The United States government, through arms including the US Department of State and the US Agency for International Development (USAID), has long been promoting violence and destruction in previously relatively peaceful and prosperous places around the world. It has done so through supporting sides in conflicts and stirring up conflicts in an effort to determine who governs — either seeking to prop up or overthrow national governments.
This week, the US House of Representatives passed by a voice vote a bill (HR 2116) titled the Global Fragility Act and carrying this short description of its intent: “To enhance stabilization of conflict-affected areas and prevent violence and fragility globally, and for other purposes.” Having been approved in the House, the bill now can proceed to consideration in the US Senate.
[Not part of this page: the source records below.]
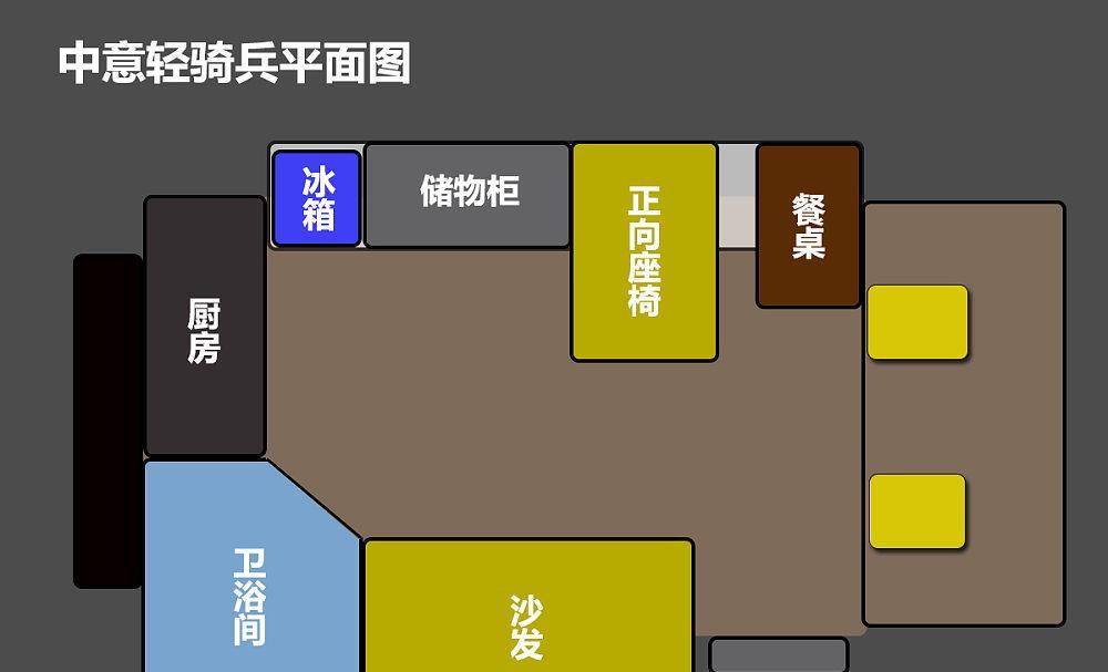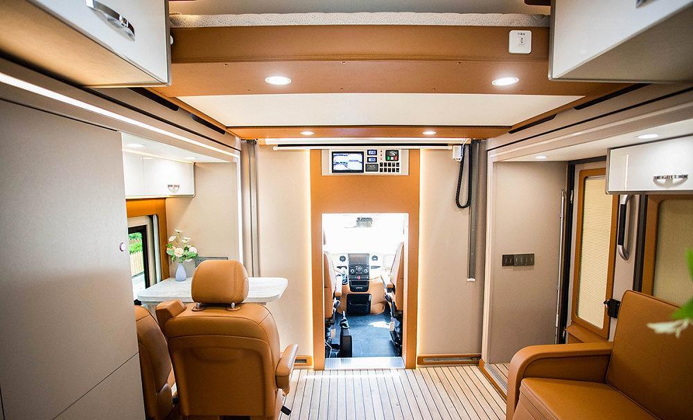 从布局形式上讲,轻骑兵与重骑兵非常接近,整体内饰氛围也很相似,实拍车核载4人,会客区可乘坐2人。
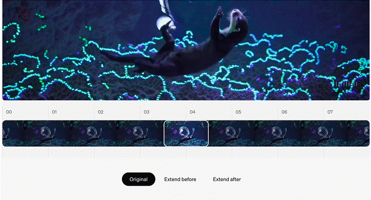 另外, Sora 的发布会上还介绍了 Loop ( 循环 )和 Blend ( 视频融合 )两个功能。
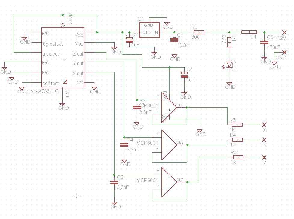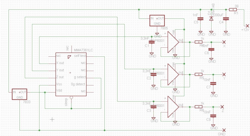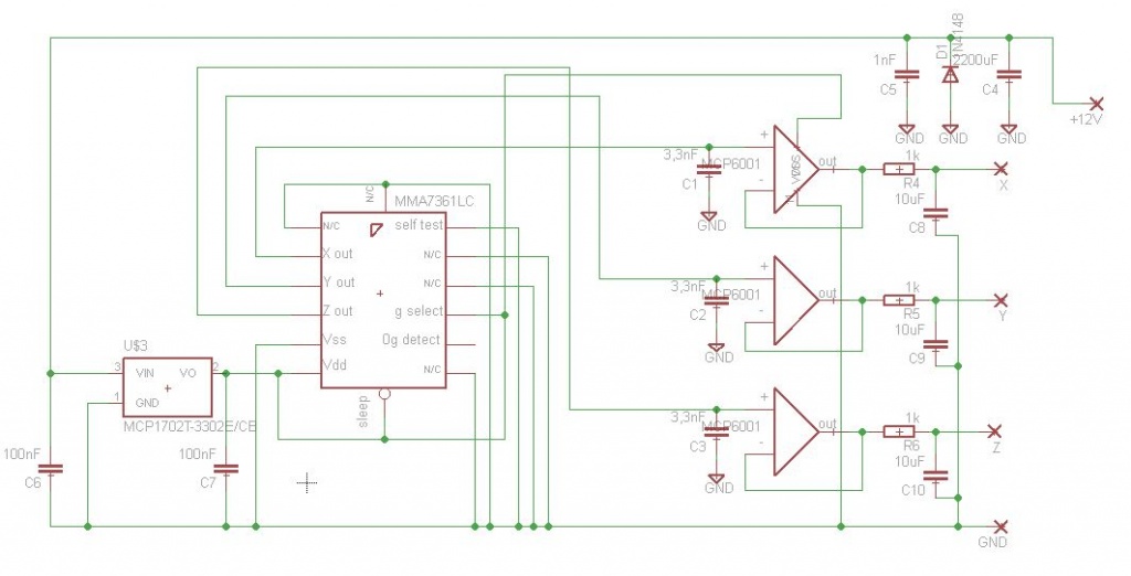 Ez lenne a végleges kapcsolásom. Kérlek vess rá egy pillantást. Volt olyan tapasztalatom , hogy mikor csak simán teszt jelleggel ráadtam a gyorsulásmérőre a tápot akkor hirtelen elkezdett melegedni és elment a kimenet mintha zárlat lett volna. De a táp 3V volt , a kimenetén volt csak egy multi. Ez mitől lehetett ? :S Aggaszt a jelenség. |
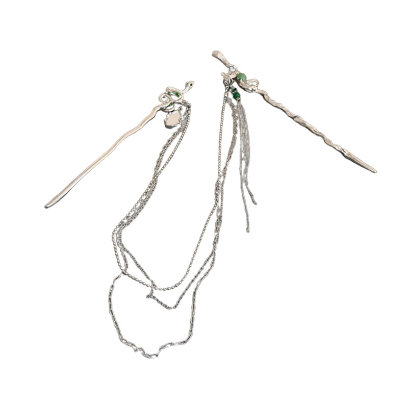 Double Hairpin Split Snake-shaped Tassel Hairpin New Chinese Bun Plate
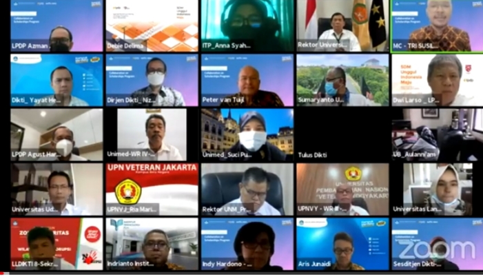 Penandatanganan ‘Cooperation Agreement: DIKTI-LPDP-STUNED Joint Scholarship Program’ diselenggarakan hari ini (Senin, 19 April 2021) secara daring dan disiarkan langsung melalui YouTube DIKTI dan LPDP. Acara ceremonial ini dihadiri oleh para pimpimpan lembaga seperti Dirjen DIKTI, Prof. Ir. Nizam; Sekretaris Dirjen DIKTI, Dr. Ir. Paristiyanti Nurwardani; Dirjen Perbendaharaan Kementerian Keuangan RI, Andin Hadiyanto; Direktur beasiswa LPDP, Dwi Larso; Direktur Nuffic Neso Indonesia, Peter van Tuijl; dan Sekretaris Kedua Bidang Politik Kedutaan Besar Belanda di Indonesia, Joris Ramm; beserta beberapa perwakilan asosiasi alumni Belanda di Indonesia. Juga dihadiri perwakilan Perguruan Tinggi se-Indonesia dan beberapa perwakilan Perguruan Tinggi Belanda yang berkolaborasi dalam program ini.
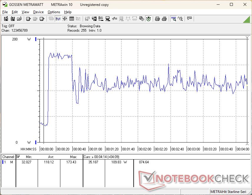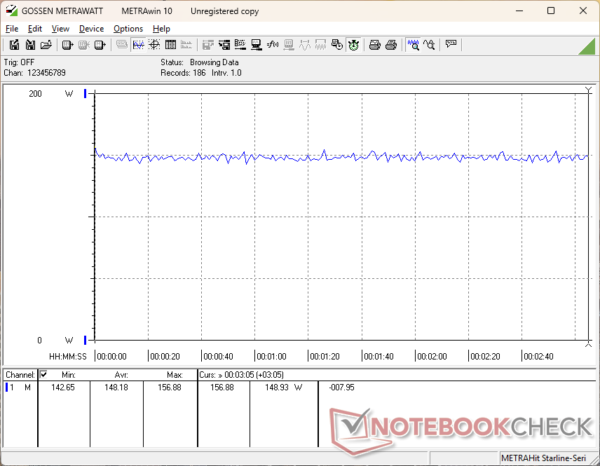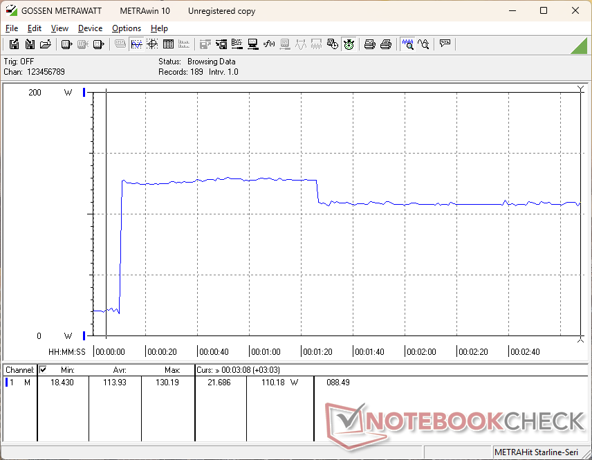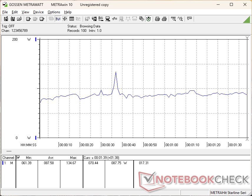 Het verbruik kan zo laag zijn als 7 W in de iGPU-modus met het scherm ingesteld op minimale helderheid of meer dan 22 W in de dGPU-modus en maximale helderheid. Tijdens het gamen verbruikt het systeem echter maar een paar watt minder dan de veel snellere RTX 5060 of 5070 opties. Upgraden naar de RTX 5060 configuratie zou bijvoorbeeld slechts 6 procent meer stroom verbruiken voor 20 tot 30 procent snellere gamingprestaties.
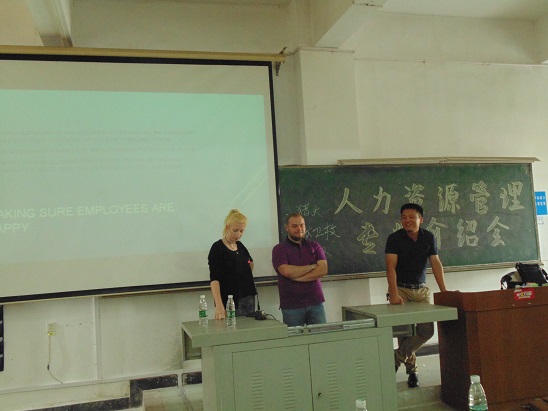 (本网讯)有别于往年由专业教研室主任或指定一名专任教师主讲的新生专业教育模式,商学院人力资源管理专业教研室精心策划,在2015级新生专业教育中独辟蹊径,创新形式,引进外教现场互动交流,并利用VCR和校友现身说教,让新生扩展视野,明确目标,树立信心,受到新生好评。
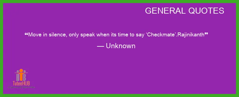 Move in silence, only SPEAK when its TIME to SAY ‘Checkmate’.RAJINIKANTH
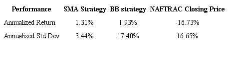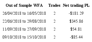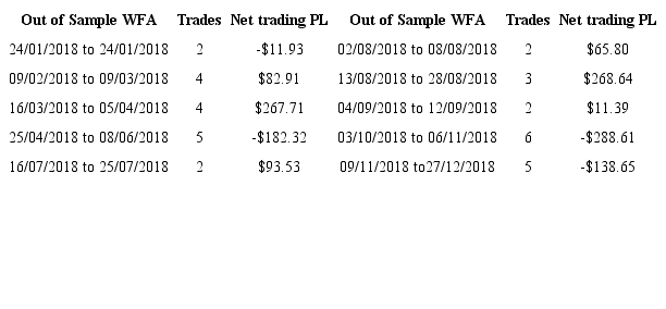 For SMA strategy, the first testing out of the sample is from 26/04/2018 to 16/05/2018 where the de net trading is -$181.29, while is true that the net trading is not a positive amount, the optimal in this case is to minimize losses (same situation 09/10/2018 to 15/10/2018). In the other hand, WFA from 22/06/2018 to 29/08/2018 and 11/09/2018 to 27/09/2018 shows a profit of $345.86 and $54.81 respectively: results out of the sample for SMA are in table 5.
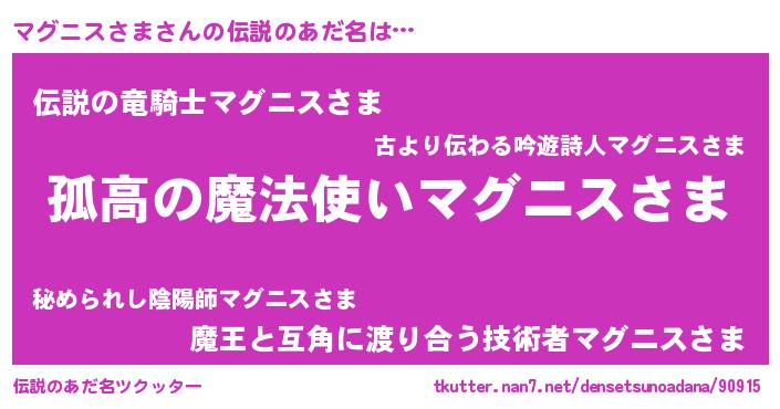 | 胡散臭い通販商品みたいなあだ名 | 『信頼と実績のサプリメント…その名も「マグニスさま」』 |
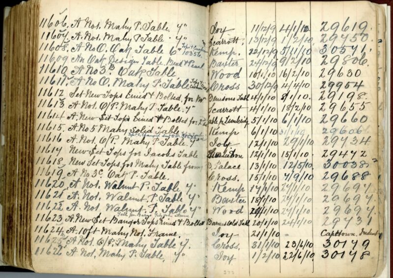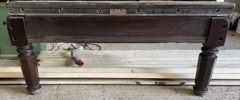 Shown is the fantastic timbers of the table stripped and ready for re-polishing, as well as a photo of the Thurston ledger entry (no.11618) for when the new Slates were fitted c.1910.
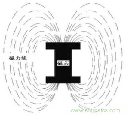正如上所指,對于一個開環磁路的電感(以工字電感為例),其磁力線的主磁路是空氣。如圖1。
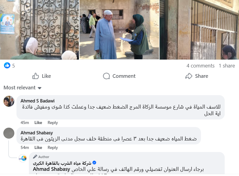 وقال أخر:"ضغط المياه ضعيف جدًا بعد ٣ عصرا فى منطقة خلف سجل مدني الزيتون في القاهرة"، لترد عليه الشركة بطلب عنوانه ووسيلة تواصل حيث قالت :"برجاء ارسال العنوان تفصيلي ورقم الهاتف في رسالة علي الخاص للفحص والمتابعة مع حضرتك".
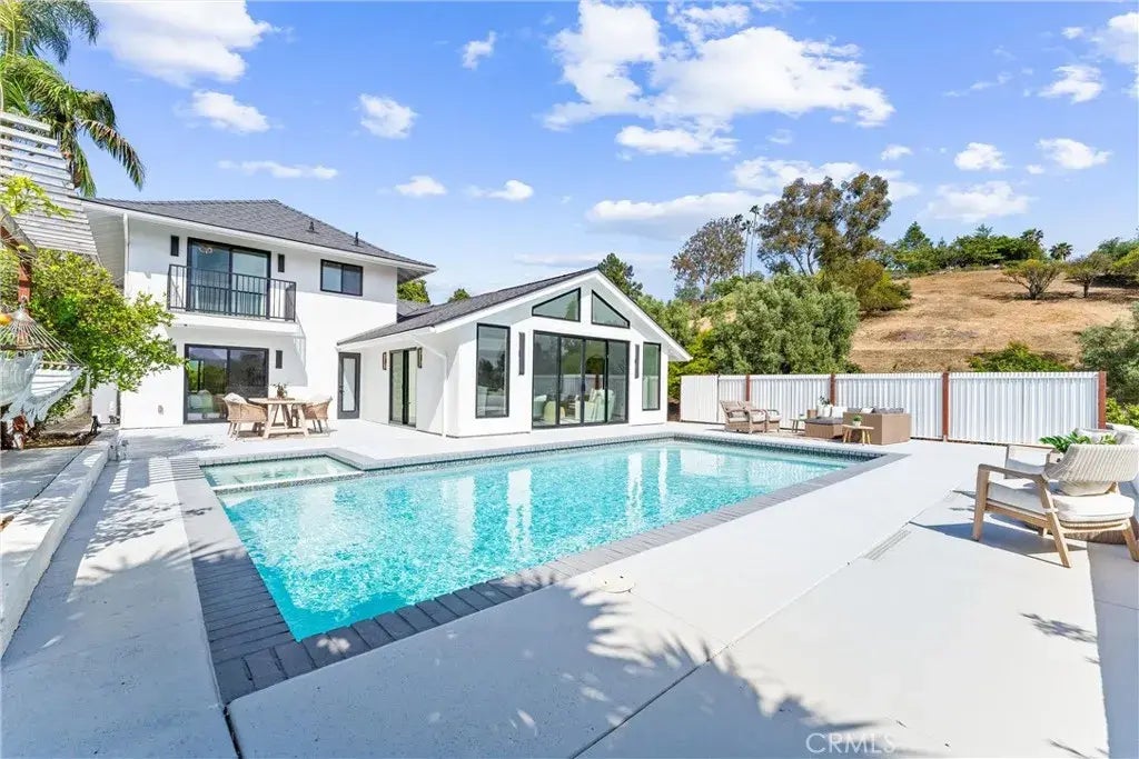 PRICE IMPROVEMENT! Fully remodeled, turnkey home at exceptional value. Move-in ready coastal retreat with hill, city lights and sunset views. This 5 bedroom, 3.5 bathroom pool home, located in the highly sought after Pacesetter community of Laguna Niguel, underwent an extensive remodel and complete renovation in 2022. This home was redesigned inside and out. Ideal location across from La Hermosa Park and scenic, hillside trail. Step through the stunning, pivot front door into this contemporary retreat with soaring ceilings and an abundance of natural light. Featuring a first-floor primary suite offering tranquil hillside views AND an additional main-level bedroom, with private exterior entrance includes an en suite bath with walk-in shower and a fully equipped kitchenette. Perfect for guests, extended family, or rental potential. Porcelanosa luxury Spanish tile compliments the inviting, open-concept living space. Kitchen features Taj Mahal quartzite counters, spacious island with ample storage, new cabinets, top-of-the-line appliances, including a Thermador range, Bosch microwave/oven and dishwasher and LG refrigerator. Kitchen flows seamlessly into the spacious family room where you can enjoy views of the pool and hills. 2 sets of sliding glass doors in family room lead to different areas of the expansive backyard. Custom, floating wood stairs lead to 3 additional bedrooms, each with their own view, a full bathroom, and a versatile bonus room ideal for a playroom, craft room, or extra storage. One of the upstairs bedrooms has a deck with an amazing, panoramic view. Step ou
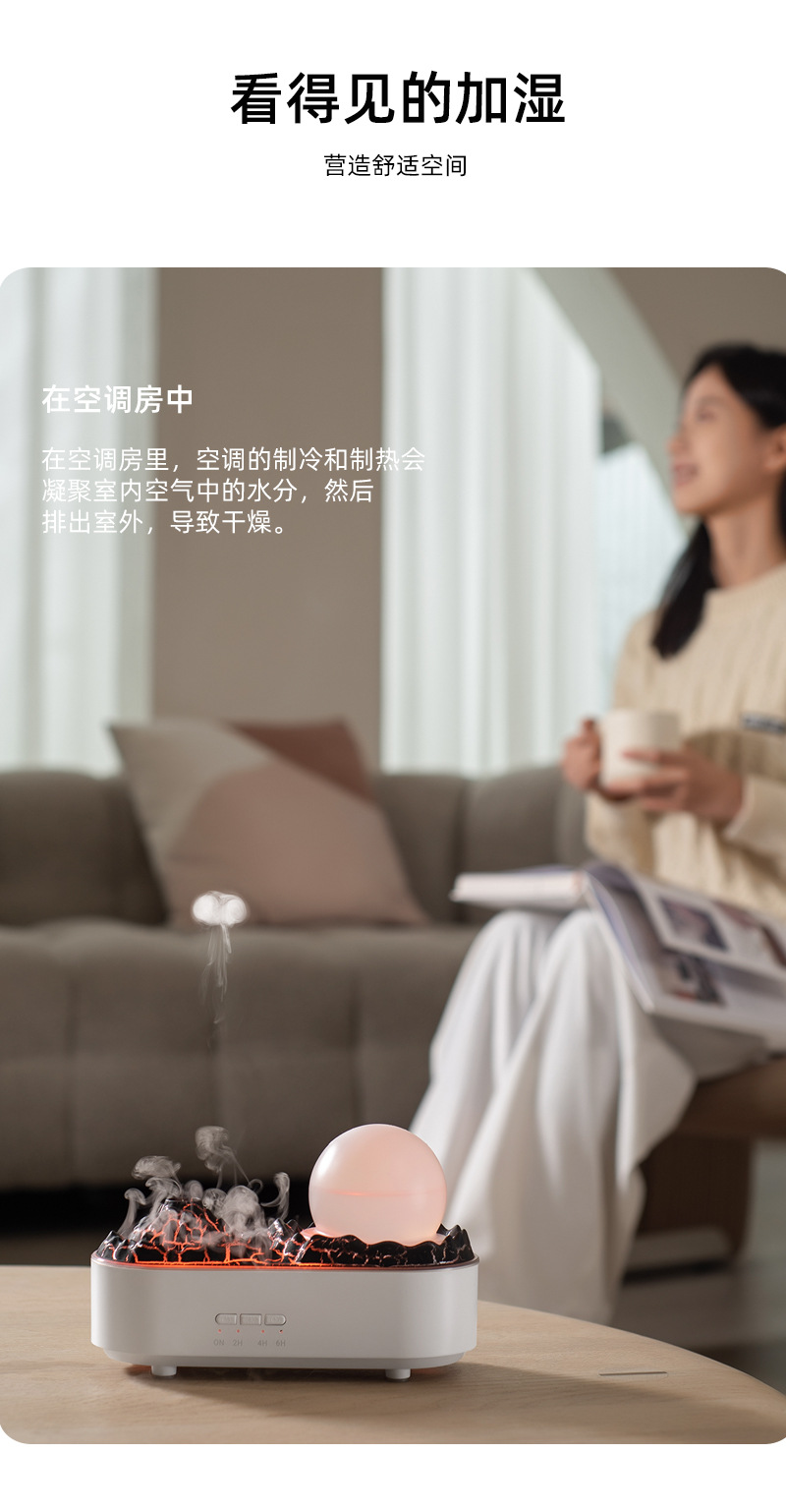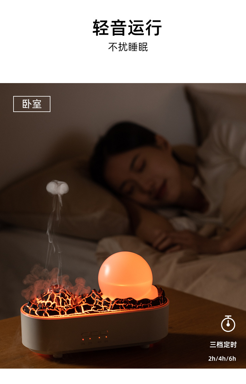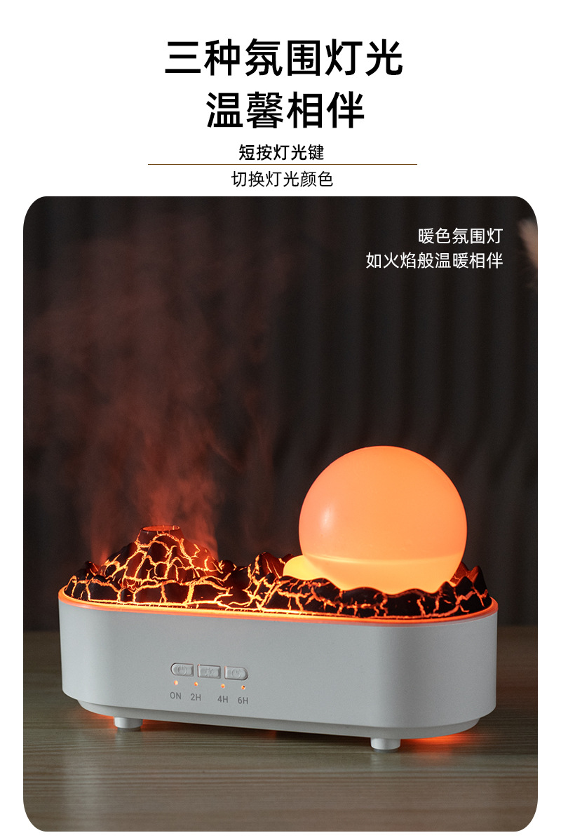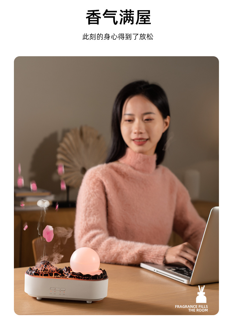 跨境新品火山水晶加湿器家用大雾量香薰机桌面创意摆件卧室小夜灯

You might expect that the Global Fragility Act would, through actions such as placing limits on or defunding activities of the State Department and USAID, seek stop the US from intervening abroad. That would be a welcome development.
Unfortunately, things tend not to work that way in Washington, DC. In Washington DC “up” is “down” and, as George Orwell wrote about the dystopia in his novel 1984, “war” is “peace.” The Global Fragility Act is a bill to enable the US government to further “break” the world through, among other things, giving the State Department and USAID hundreds of millions of dollars a year to stir up more trouble and further attempt to control who governs in countries around the world.
The bill authorizes appropriating 200 million dollars each of the next five years into a new Stabilization and Prevention Fund administered by the State Department and USAID. And the bill directs that this money be spent on the kinds of purposes typically used to excuse US efforts to support or overthrow governments across the world — supporting “stabilization of conflict-affected areas;” preventing violence; and countering “Islamic State of Iraq and Syria, other terrorist organizations, or violent extremist organizations.”
On top of that, the Global Fragility Act also provides an additional 30 million dollars a year for the next five years to a new Complex Crisis Fund. This fund, the bill directs, will be administered by USAID. The bill states that USAID is to spend the money “to support programs and activities to prevent or respond to emerging or unforeseen foreign challenges and complex crises overseas.” It does not get much more open-ended than that. In short, USAID can use the fund to pursue intervention overseas in just about any way imaginable.
Rep. Eliot Engel (D-NY), the chairman of the House Foreign Affairs Committee and the sponsor of the Global Fragility Act, touted on the House floor this week before the bill was approved by a voice vote that the legislation “gets at the heart of what we want to see from our diplomatic and development efforts around the world: helping places already torn apart by violence to recover and preventing the start of violence in other places where factors are ripe for its outbreak.” Following Engel, Rep. Michael McCaul (R-TX), the ranking member of the House Foreign Affairs Committee and the bill’s lead Republican cosponsor, declared the bill “will make the world a safer place long term.” Don’t believe a word of it. The Global Fragility Act promises to increase US government efforts bringing to the world more violence, more destruction, and more fragility, not less.